#### What is required
If pictures appear, leave them out, and return exactly the lines from the one holding "Язык под сливочным соусом с хреном" through the last line of the listing below.

#### Data excerpt
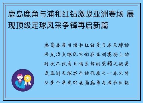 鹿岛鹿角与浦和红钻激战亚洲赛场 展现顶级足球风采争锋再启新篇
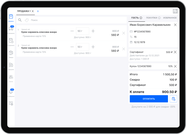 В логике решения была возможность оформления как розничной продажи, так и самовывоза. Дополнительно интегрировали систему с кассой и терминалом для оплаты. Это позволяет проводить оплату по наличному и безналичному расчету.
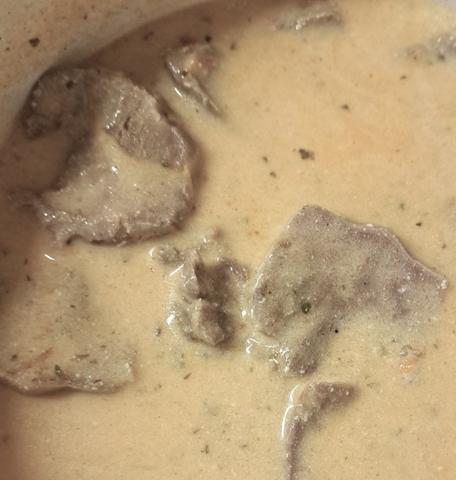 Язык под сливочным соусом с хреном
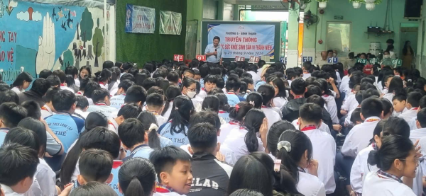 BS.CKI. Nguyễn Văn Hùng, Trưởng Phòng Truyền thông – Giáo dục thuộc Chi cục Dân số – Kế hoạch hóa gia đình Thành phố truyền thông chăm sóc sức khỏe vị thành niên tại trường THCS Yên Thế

#### Answer to the exercise
 Язык под сливочным соусом с хреном
 BS.CKI. Nguyễn Văn Hùng, Trưởng Phòng Truyền thông – Giáo dục thuộc Chi cục Dân số – Kế hoạch hóa gia đình Thành phố truyền thông chăm sóc sức khỏe vị thành niên tại trường THCS Yên Thế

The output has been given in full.